Press Release
January 4, 2010

Loren pushes creation of regulatory body for environmental planning

Senator Loren Legarda pushed today for the creation of a government agency that would license and regulate the professional practice of environmental planning in the country, including those of foreign planners who are contracted for work in the Philippines.

Loren stressed that environmental planning in the establishment of communities and in the construction of public and private structures like buildings, roads and houses has taken an added importance in view of the deleterious effects of climate change already being felt worldwide.

"Typhoons Ondoy, Pepeng and Santi opened the eyes of people on their relations with the environment - that while we must minimize our activities that harm the environment, we must also adapt to the world we live, minimizing the risks posed on us by natural calamities," said Loren.

"People are now aware how some communities had been built on fault lines, on veritable water basins that go underwater during heavy rains, on paths traversed by floods," she added.

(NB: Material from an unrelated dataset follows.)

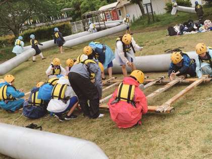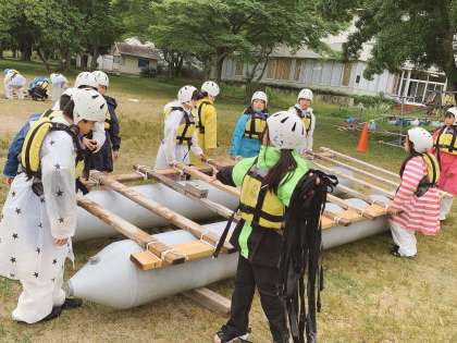 いかだレースが終わり、みんなで作ったいかだを、みんなで解体しています。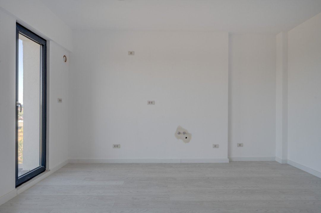 Camera de zi si bucataria formeaza un spatiu deschis de 26 mp, iar dormitorul are 14 mp. Langa baie deja este amenjat spatiul pentru masina de spalat. Baia are atat geam cat si ventilatie.

The senator said she envisions the creation by legislation of a Professional Regulatory Board of Environmental Planning, which will also be tasked to ensure the continuing education of environmental planners.

She said foreign environmental planners can be allowed to work in the Philippines, but on the condition that their own countries must also be open to hiring Filipino environmental planners.

A vice presidential candidate in this year's elections, Loren said that it is good that environmental planning is now being taken into account in the establishment of residential and business communities so they can be integrated into the environment.

She explained that communities and human structures be complementary with nature, in that communities must not degrade the environment while people must be relocated away from geographically hazardous areas like near volcanoes, fault lines, water basins and mountainsides.

Loren said that Presidential Decree 1308, the law that regulates the profession of environmental planning, has already been overtaken by time and does not apply to foreign environmental planners who come in and out of the country.

"We know little whether those foreign planners are really qualified, thus the need for a body that would really regulate the profession," said the chair of the Senate Climate Change Committee.

Loren is also the United Nations Disaster-Risk Reduction and Climate Change Adaptation champion for the Asia-Pacific Region, in which capacity she asked governments and fellow legislators to unite for the environment during the recent Copenhagen Climate Change Summit.

"Right now, the liability of foreign environmental planners are limited only to their clients, even if the consequences to the environment and to people of haphazard work on their part are far-reaching," added the founder and chair of the environmental organization Luntiang Pilipinas.

She pointed out that with people becoming more environmentally conscious, the scope of work of environmental planners will be broadened to include adapting to climate change, socio-economic concerns, public administration and the needs of the marginalized sectors.

Environmental planning must also include subdivision planning, environmental investigation, disaster prevention, mitigation and response, Loren added.